# Free wood or not ?



## kw60 (May 12, 2012)

We live in an area surrounded by lots of forests. I have noticed lots of twigs, branches and bits of logs lying on the ground. I also noticed people picking them up ( they stop the car by side of the road and fill up )
Question is, can you ?
I don't want to be filling my boot when the owner of the trees comes along and shouts at me !
Who owns all the trees, council ? Private company's ? I have no idea what the wood etiquette is in this country !!
Regards
Kim


----------



## canoeman (Mar 3, 2011)

Basically all land is owned by someone private, state, camara, fresueira, or leased by logging-paper companies. generally ok to take "windfall" or cones unless their Pine nut cones Pinus pinea which are worth money, but don't take any felled and or cut logs, the area along coast is a great place for cones which make great fire lighters.


----------



## kw60 (May 12, 2012)

Thanks canoe man
I have seen cut logs but would never attempt to take them.
Was just enquiring on " excess bits lying around "
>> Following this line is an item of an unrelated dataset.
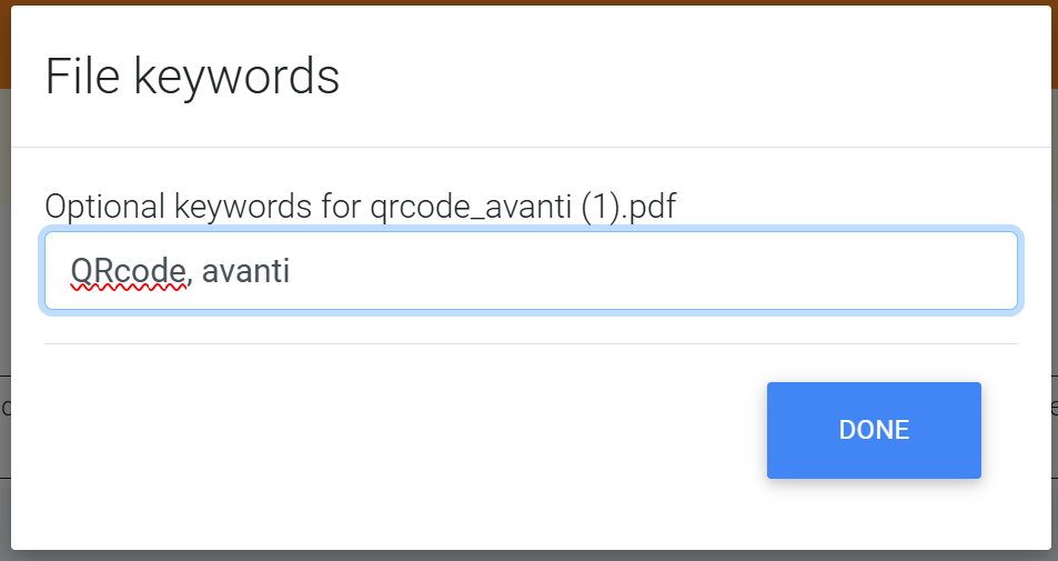 The pop-up will display the name of the file and its filetype. Below that, you have the option to add keywords or simply click "Done" to proceed without adding keywords.
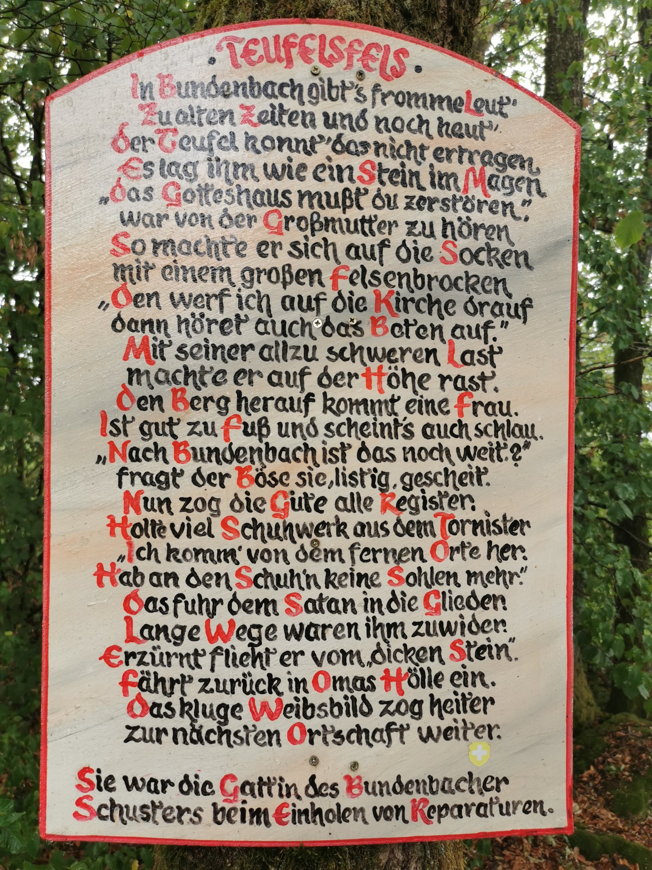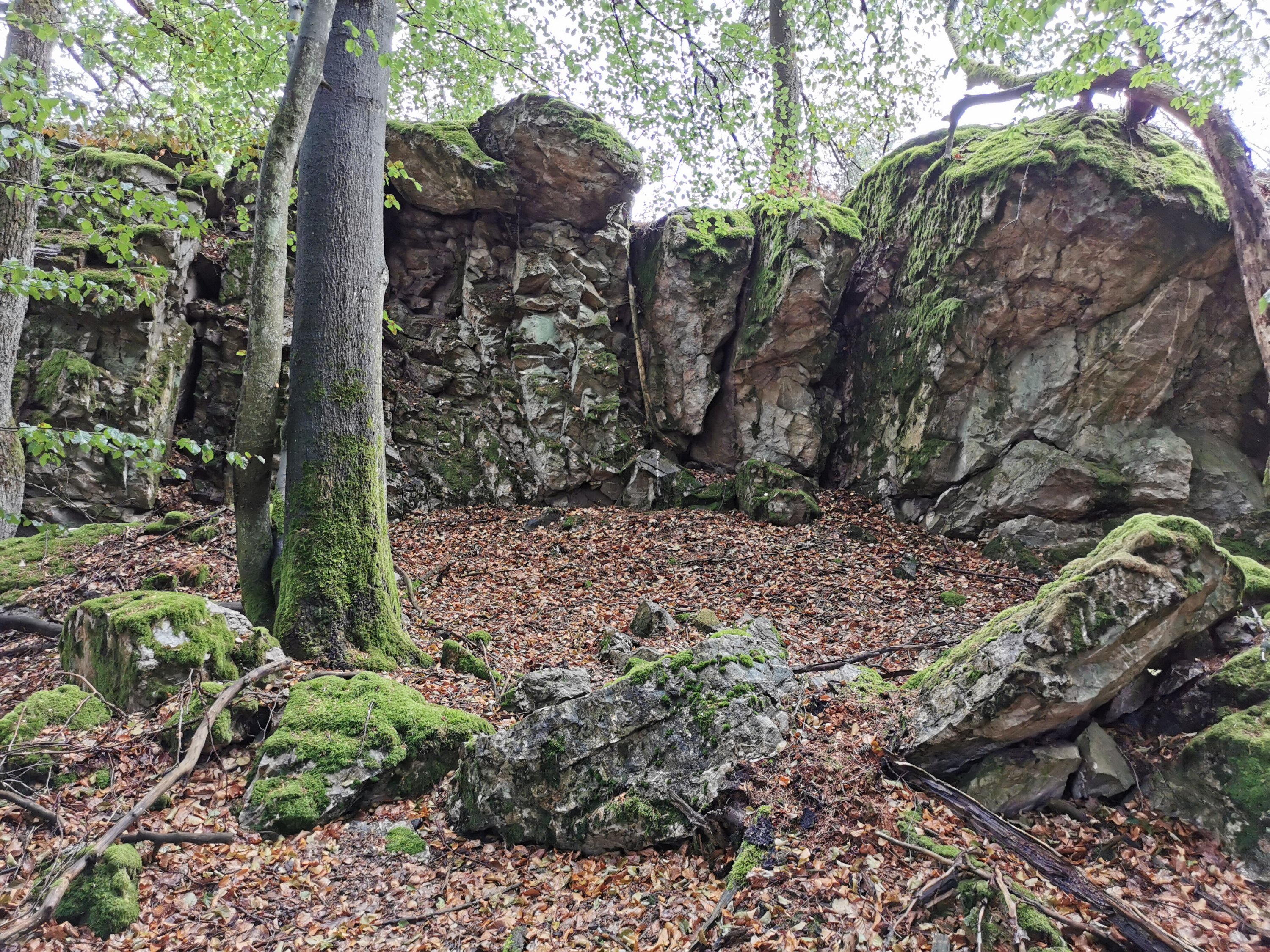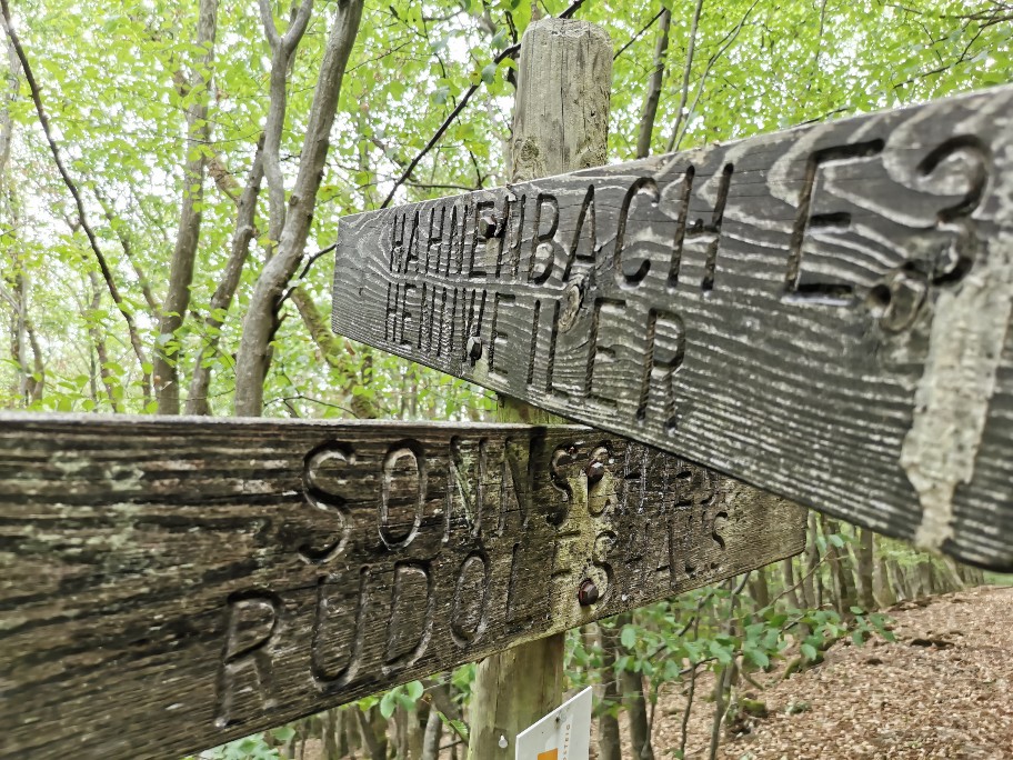 Nach der ausführlichen Erkundung der Burg ging es weiter. Wir spürten bereits die ersten Tropfen beim verlassen des Waldes und auf dem freien Feld entwickelten sich die paar Tropfen zu einem ausgewachsenen Schauer. Auf den Wegweisern ist die Teufelshütte bereits einige Zeit ausgeschildert und wir beschlossen dort eine Pause zu machen. Der Regen wurde immer stärker und unsere Stimmung ein wenig grummeliger. Die konfusen Kilometer bzw Meter angaben bis zur Hütte waren dabei nicht hilfreich. Der steile Anstieg tat sein übrigens. Ich hatte schon nicht mehr geglaubt das die Teufelshütte wirklich existierte als sie an der Weggabelung endlich im Regen auftauchte, unsere Rettung!

Seems all my neighbours help themselves to bits of wood and thought well why not if its not doing any harm, especially after yesterday's strong winds!
Regards
Kim


----------



## siobhanwf (Mar 20, 2009)

The same goes on the fruits have been picked. Once the pickers have gone what fruit is left can be picked as they only take one run at it.


----------



## JohnBoy (Oct 25, 2009)

By picking up the cones and 'stray' wood you are cleaning the floor of any fuel for the next round of forest fires. If only the locals would see the benefit of this I'm sure they would thank you.


----------



## kw60 (May 12, 2012)

siobhanwf said:


> The same goes on the fruits have been picked. Once the pickers have gone what fruit is left can be picked as they only take one run at it.


I dont understand this siobhanwf. do you mean the fruits in areas not attached to peoples houses ?
Regards
kim


----------